Dataset 3: Merged Dataset of Dataset 1 and Dataset 2

  • The third dataset has been created by merging the first two datasets, i.e., by merging the datasets, “MPS Ward Level Crime (most recent 24 months)” and “List of London Boroughs”
  • The two datasets have been merged on the common column present in both the datasets, i.e., the “Borough” column
  • After merging and reindexing the columns, the dataset contains 37 columns
  • The dataset contains a total of 22,403 records

london_crime_df = pd.merge(crime_df, london_bor_df , on = 'Borough')

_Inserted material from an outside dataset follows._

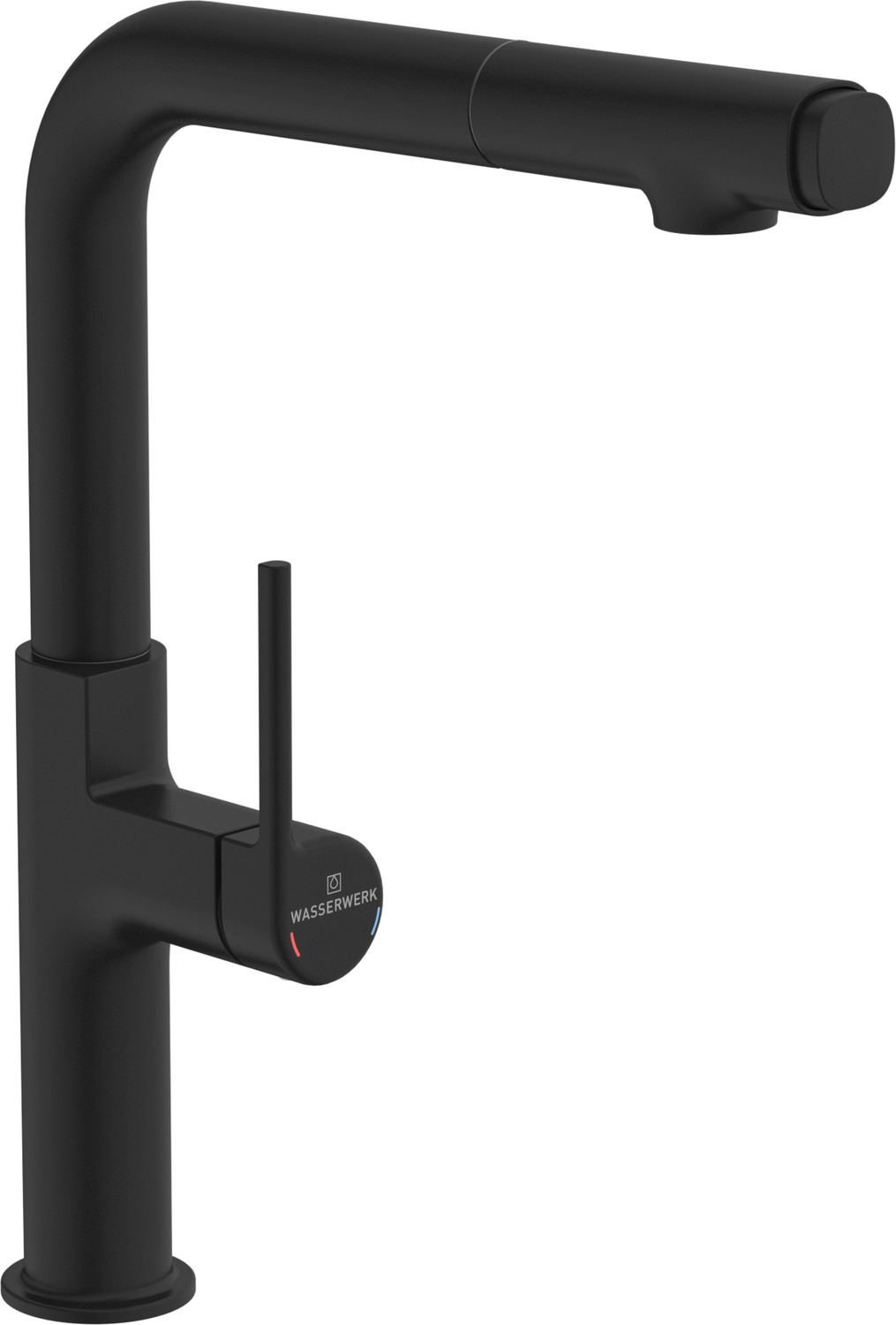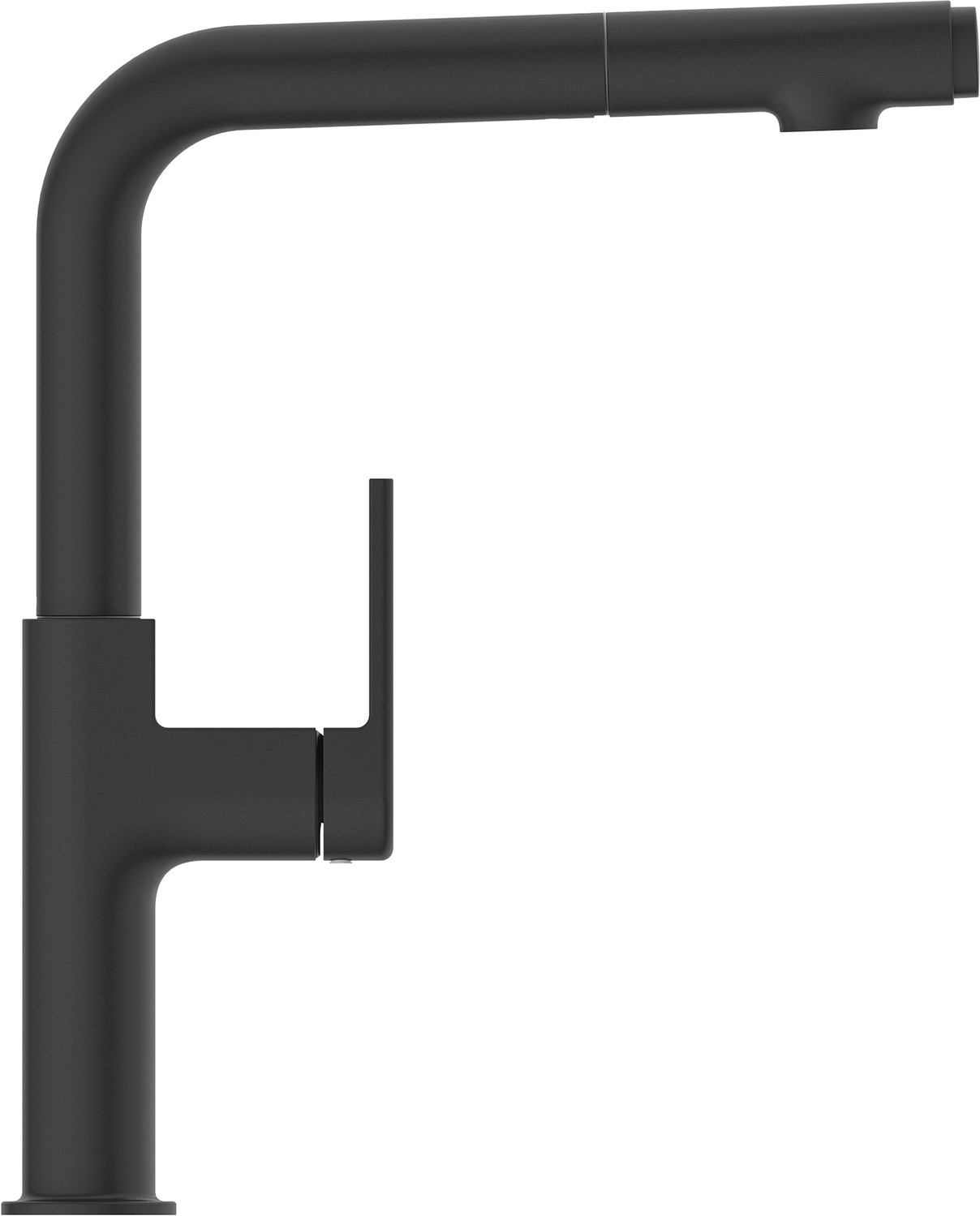 Mitigeur de cuisine Luisina, bec pivotant noir mat avec douchette extractible double jet

london_crime_df = london_crime_df.reindex(["Ward Code", "Ward", "Borough", "Local Authority", "Political Control", "Head Quarters", "Area (sq mi)", "Population (2013 estimate)", "Co-ordinates", "Borough No. on Map", "Crime Head", "Crime Sub-Head", 201907, 201908, 201909, 201910, 201911, 201912, 202001, 202002, 202003, 202004, 202005, 202006, 202007, 202008, 202009, 202010, 202011, 202012, 202101, 202102, 202103, 202104, 202105, 202106, "Total"], axis = 1))        
No alt text provided for this image

  • The merged dataset provides more information on the different Boroughs of London, like the local authority of the borough, the political party controlling the local authority, the address of the local authority, the area of the Borough, its population, its coordinates, and its designated number on the map of London
  • Thus, with this information we can get more insight in to the various Boroughs of London

Dataset 4: London Postcodes

  • As the name suggests, this dataset has been used to fetch the Postcodes of the different neighbourhoods in London
  • This dataset has been created to find Venues in the Neighbourhood of London using the Foursquare API
  • It has been extracted from Doogal.co.uk and has a complete list of London postcode districts
  • The original dataset had 49 columns, but after the cleaning process, 28 columns were dropped as the same were not required for analysis
  • Post cleaning and processing the data, the dataset contains 21 columns
  • While the exploring the 1st Dataset, i.e., “London Crime”, it was found that there were two Wards by the name of "Belmont" in Harrow as well as in Sutton. Hence, in order to segregate them so as not to cause any confusion during analysis, their names were changed to "Belmont Harrow" and "Belmont Sutton".
  • In order to maintain consistency, the names of these two Wards were also changed in this dataset
  • Even though this dataset already had the Latitude and the Longitude data available, I have used the ArcGIS API to re-fetch the coordinates of the preferred locations
  • Before cleaning the data, the dataset contained a total of 3,24,634 records
  • The number of records were reduced to 1,79,704 from 3,24,634 after removing the Postcodes that were not in use
  • Once the dataset was processed to include only the Top 5 safest Boroughs of London, the number of records reduced to 20,249 from 1,79,704
  • After the dataset was processed further, to include only the Top 50 safest Wards of London, the number of records reduced to 10,083 from 20,249
  • Now, we could have used these 10,083 Postcodes of the Top 50 Wards of London to find their coordinates, but the process of fetching the coordinates for so many postcodes would have taken a lot of time. Hence, it was necessary to reduce the number of records further.
  • Therefore, in order to reduce the dataset further, I selected the location that was nearest to the Station
  • After processing the dataset, it was found that there was a total of 81 locations in the Top 50 safest Wards of London that were nearest to the Stations
  • Thus, the number of Postcodes were reduced from 10,083 to 81

london_postcodes_df = pd.read_csv("London Postcodes.csv", low_memory = False)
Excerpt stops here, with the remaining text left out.